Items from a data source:
# # # #

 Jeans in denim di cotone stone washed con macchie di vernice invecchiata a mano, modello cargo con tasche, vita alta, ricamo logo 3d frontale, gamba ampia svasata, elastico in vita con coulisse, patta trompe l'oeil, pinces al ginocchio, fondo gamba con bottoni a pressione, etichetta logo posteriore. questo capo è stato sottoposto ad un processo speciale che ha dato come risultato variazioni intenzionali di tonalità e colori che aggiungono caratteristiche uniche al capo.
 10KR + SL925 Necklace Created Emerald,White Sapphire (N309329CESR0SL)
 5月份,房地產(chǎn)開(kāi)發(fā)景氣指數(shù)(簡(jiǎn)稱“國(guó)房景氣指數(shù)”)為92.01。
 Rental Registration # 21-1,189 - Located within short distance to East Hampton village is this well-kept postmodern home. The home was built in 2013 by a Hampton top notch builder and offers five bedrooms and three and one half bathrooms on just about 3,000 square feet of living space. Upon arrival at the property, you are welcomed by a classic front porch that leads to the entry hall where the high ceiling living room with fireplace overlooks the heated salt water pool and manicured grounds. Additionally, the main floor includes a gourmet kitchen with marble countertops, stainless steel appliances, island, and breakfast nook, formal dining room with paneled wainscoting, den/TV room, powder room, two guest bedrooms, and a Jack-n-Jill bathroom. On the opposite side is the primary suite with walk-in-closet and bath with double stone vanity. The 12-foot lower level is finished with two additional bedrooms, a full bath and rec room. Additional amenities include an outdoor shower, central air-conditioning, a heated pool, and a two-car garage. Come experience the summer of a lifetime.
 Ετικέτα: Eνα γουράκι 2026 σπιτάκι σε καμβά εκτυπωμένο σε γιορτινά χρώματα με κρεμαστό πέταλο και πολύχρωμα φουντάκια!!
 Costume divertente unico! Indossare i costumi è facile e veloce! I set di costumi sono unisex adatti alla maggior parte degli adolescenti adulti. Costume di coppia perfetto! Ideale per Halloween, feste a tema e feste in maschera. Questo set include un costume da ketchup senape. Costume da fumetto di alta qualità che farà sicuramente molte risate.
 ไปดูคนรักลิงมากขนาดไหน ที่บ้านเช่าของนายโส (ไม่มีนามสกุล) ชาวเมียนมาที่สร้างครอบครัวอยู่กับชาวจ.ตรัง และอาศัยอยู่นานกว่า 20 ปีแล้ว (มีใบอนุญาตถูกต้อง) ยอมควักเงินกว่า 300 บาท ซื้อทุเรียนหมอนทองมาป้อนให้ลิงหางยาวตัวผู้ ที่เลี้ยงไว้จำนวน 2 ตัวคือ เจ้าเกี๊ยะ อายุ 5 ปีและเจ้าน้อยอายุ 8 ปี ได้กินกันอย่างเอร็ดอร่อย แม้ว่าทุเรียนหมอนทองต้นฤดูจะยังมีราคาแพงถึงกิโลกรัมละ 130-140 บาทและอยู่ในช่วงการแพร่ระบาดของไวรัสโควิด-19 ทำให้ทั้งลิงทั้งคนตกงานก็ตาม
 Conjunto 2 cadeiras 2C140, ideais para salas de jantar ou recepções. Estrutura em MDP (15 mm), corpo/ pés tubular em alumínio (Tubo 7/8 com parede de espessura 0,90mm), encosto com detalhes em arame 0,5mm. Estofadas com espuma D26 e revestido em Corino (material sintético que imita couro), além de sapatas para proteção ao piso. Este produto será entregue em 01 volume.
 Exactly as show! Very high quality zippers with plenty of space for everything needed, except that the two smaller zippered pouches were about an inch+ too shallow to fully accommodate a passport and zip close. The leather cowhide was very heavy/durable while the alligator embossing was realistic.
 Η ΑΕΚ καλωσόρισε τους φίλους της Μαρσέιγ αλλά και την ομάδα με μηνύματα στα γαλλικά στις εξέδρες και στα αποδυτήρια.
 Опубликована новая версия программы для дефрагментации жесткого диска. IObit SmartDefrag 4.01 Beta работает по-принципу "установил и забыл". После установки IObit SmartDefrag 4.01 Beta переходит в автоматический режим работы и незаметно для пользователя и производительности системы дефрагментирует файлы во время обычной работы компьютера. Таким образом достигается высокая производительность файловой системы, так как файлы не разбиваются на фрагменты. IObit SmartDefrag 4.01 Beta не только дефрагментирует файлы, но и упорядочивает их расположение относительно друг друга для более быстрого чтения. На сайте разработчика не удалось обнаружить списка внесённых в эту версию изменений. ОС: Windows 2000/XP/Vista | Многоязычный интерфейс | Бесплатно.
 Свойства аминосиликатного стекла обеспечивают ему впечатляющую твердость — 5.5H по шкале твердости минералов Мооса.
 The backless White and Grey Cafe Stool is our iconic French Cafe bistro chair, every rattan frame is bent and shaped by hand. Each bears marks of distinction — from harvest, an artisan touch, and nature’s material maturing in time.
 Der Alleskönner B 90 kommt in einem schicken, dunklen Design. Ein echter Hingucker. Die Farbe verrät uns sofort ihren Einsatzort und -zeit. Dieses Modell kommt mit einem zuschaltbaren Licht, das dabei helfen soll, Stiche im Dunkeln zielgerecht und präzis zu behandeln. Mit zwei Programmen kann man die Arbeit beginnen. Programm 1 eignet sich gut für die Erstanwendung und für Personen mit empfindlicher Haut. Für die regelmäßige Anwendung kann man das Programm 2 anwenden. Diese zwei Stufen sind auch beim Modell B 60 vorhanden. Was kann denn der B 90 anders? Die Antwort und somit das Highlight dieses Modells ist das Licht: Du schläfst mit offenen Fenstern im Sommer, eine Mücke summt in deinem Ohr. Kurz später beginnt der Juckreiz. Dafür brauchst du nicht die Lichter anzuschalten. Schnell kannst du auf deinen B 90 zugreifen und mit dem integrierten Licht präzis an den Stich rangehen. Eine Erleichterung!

# # # #

The lines you need are those containing "White"; find them in the records and copy them.

 10KR + SL925 Necklace Created Emerald,White Sapphire (N309329CESR0SL)
 The backless White and Grey Cafe Stool is our iconic French Cafe bistro chair, every rattan frame is bent and shaped by hand. Each bears marks of distinction — from harvest, an artisan touch, and nature’s material maturing in time.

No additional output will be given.